Rumours in messengers

The providers frequently spread their disinformation campaigns across multiple channels simultaneously. “The agencies usually sell a package made up of political spam and dirty social-networking tactics, along with rumour-mongering and election advertising via WhatsApp numbers and zip-code campaigns via Facebook ads,” Alberto Escorcia observes.

Content on social media is not placed in a journalistic context. The formats are short, and abbreviated, sensationalised and emotional messages often spread particularly well. All of these factors make the platforms ideal targets for propaganda and disinformation. “Young people, especially, have had enough of traditional politics; it bores them,” observes Ivón Rivera, a communications expert who teaches and researches at the Central American University in San Salvador (UCA). “They want to consume information as entertainment, in little information bytes.”

Rumours also go viral in messaging apps like WhatsApp or Telegram. In chats or closed groups, information spreads quickly, without opposition. According to Escorcia, people are often more likely to trust peers like friends, acquaintances or family rather than traditional media.

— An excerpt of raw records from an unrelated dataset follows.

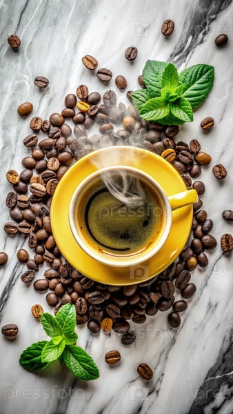 Чашка черного кофе, окруженная кофейными зернами и мятой на мраморной поверхности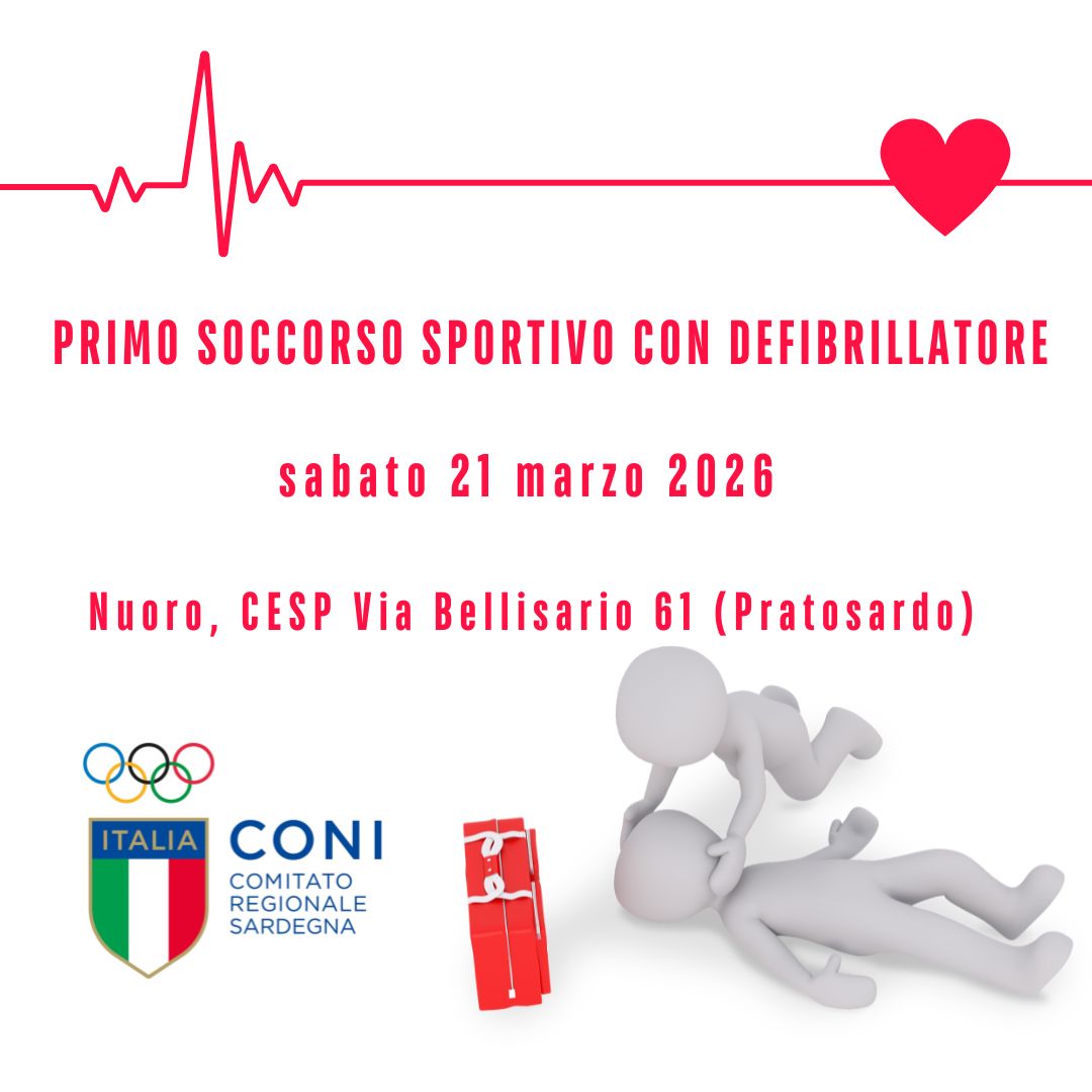 News 23 Feb 2026 Primo Soccorso Sportivo, il 21 marzo un corso PSS-D a Nuoro: dettagli e modulistica Il Coni Sardegna organizza un corso di Primo Soccorso Sportivo con Defibrillatore (PSS-D) che si terrà a Nuoro presso la sede del CESP (Via Marina Bellisario 61, Z.I. Pratosardo), sabato 21 marzo 2026 con orario 08-20. Docenti formatori saranno...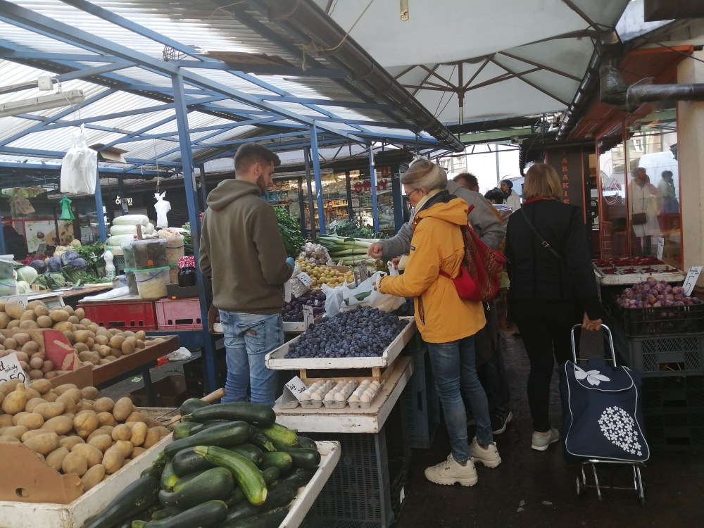 It’s my final day in Poland, so just enough time to head beyond the Old Town and check out another market. The Stary Kleparz is Krakow’s oldest continuously operating market, having existed since the mid fourteenth century. On a chilly Monday morning, it’s mainly a local crowd seeking out the best bargains for fresh meat, fruit, veg and flowers. Although technically a “covered market”, there’s no grand, historic hall here; everything is open to the elements.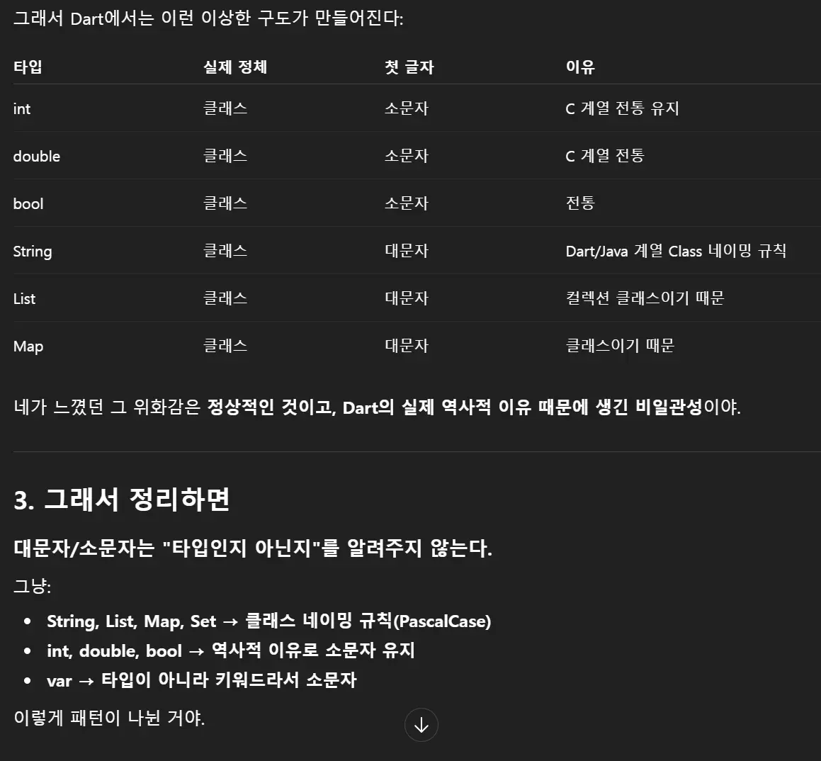 Dart 문법에서 “타입 + 변수명”은 변수를 ‘선언할 때만’ 사용하는 문법이야.

AI as a multiplier of disinformation

Alberto Escorcia is concerned about the fact that AI software is now increasingly being used to create and spread posts and entire campaigns automatically and on a large scale. During the presidential and parliamentary campaigns in Mexico in 2024, for example, he observed that the programming interface of the AI company OpenAI was being misused to create thousands of tweets and Facebook ads. 

Social networks like Facebook, Instagram or Twitter, now X, have introduced tools and processes in recent years to uncover fake accounts, bot networks and disinformation, including community reporting, fact-checking and AI software designed to automatically detect suspicious posts or profiles. “The research on Team Jorge showed that the defences of social-media companies like Facebook against masses of automated and lying bot accounts function significantly worse than the companies would have us believe,” says Spiegel editor Max Hoppenstedt. “We were able to demonstrate that the companies failed to notice numerous fake accounts for a long time.”

The tech companies have also fired many community managers and trimmed security and ethics teams over the past several years. Moreover, the CEOs of large tech companies are now publicly lining up behind the anti-democratic, right-wing extremist US president Donald Trump – and taking an even more relaxed approach to disinformation from the far right of the political spectrum. Recently, Meta CEO Mark Zuckerberg even stopped working with international journalistic fact-checking initiatives, which Facebook had long established and supported – good news for mercenaries of disinformation.

“Team Jorge” is also apparently involved once again in the dirty business of election manipulation: “We have seen signs that, even after the publication of our findings, Team Jorge might have resumed its activities after taking a little break,” says Spiegel journalist Hoppenstedt.

Sonja Peteranderl is a journalist and founder of BuzzingCities Lab, a think tank that focuses 
on digital innovation, security and organised crime.